From Models to Operators: Rethinking Autoscaling Granularity for Large Generative Models
Xingqi Cui, Chieh-Jan Mike Liang, Jiarong Xing, Haoran Qiu
TL;DR
The paper addresses the cost-performance tension in online generative-model inference by shifting autoscaling granularity from models to operators. It introduces a queueing-theory–driven framework and greedy algorithms for operator-level autoscaling and device placement, leveraging per-operator compute, memory, and communication profiles. Empirical evaluation on production-scale traces demonstrates substantial improvements, including up to $40\%$ fewer GPUs and $35\%$ less energy, with larger gains for prefill stages and larger models, while maintaining $TTFT$ and $TBT$ SLOs.

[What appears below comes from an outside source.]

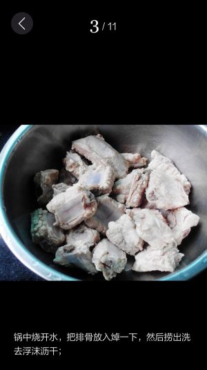 排骨冷水下锅,煮开,多煮一会,把血水煮出来,捞出来备用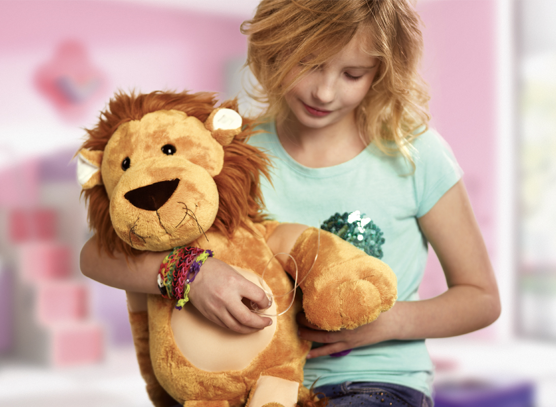 Lenny® il leone, morbido peluche con 6 zone pensate per esercitarsi a posizionare il set di infusione o a praticare iniezioni. Altezza 61 cm circa.

The results show that operator granularity enables faster elasticity and tighter coupling of resource allocation to workload dynamics, offering a practical path to more efficient large-scale generative serving.
Abstract
Serving large generative models such as LLMs and multi- modal transformers requires balancing user-facing SLOs (e.g., time-to-first-token, time-between-tokens) with provider goals of efficiency and cost reduction. Existing solutions rely on static provisioning or model-level autoscaling, both of which treat the model as a monolith. This coarse-grained resource management leads to degraded performance or significant resource underutilization due to poor adaptability to dynamic inference traffic that is common online. The root cause of this inefficiency lies in the internal structure of generative models: they are executed as graphs of interconnected operators. Through detailed characterization and systematic analysis, we find that operators are heterogeneous in their compute and memory footprints and exhibit diverse sensitivity to workload and resource factors such as batch size, sequence length, and traffic rate. This heterogeneity suggests that the operator, rather than the entire model, is the right granularity for scaling decisions. We propose an operator-level autoscaling framework, which allocates resources at finer (operator)-granularity, optimizing the scaling, batching, and placement based on individual operator profiles. Evaluated on production-scale traces, our approach preserves SLOs with up to 40% fewer GPUs and 35% less energy, or under fixed resources achieves 1.6x higher throughput with 5% less energy. These results show that the operator, rather than the model, is fundamentally a more effective unit for scaling large generative workloads.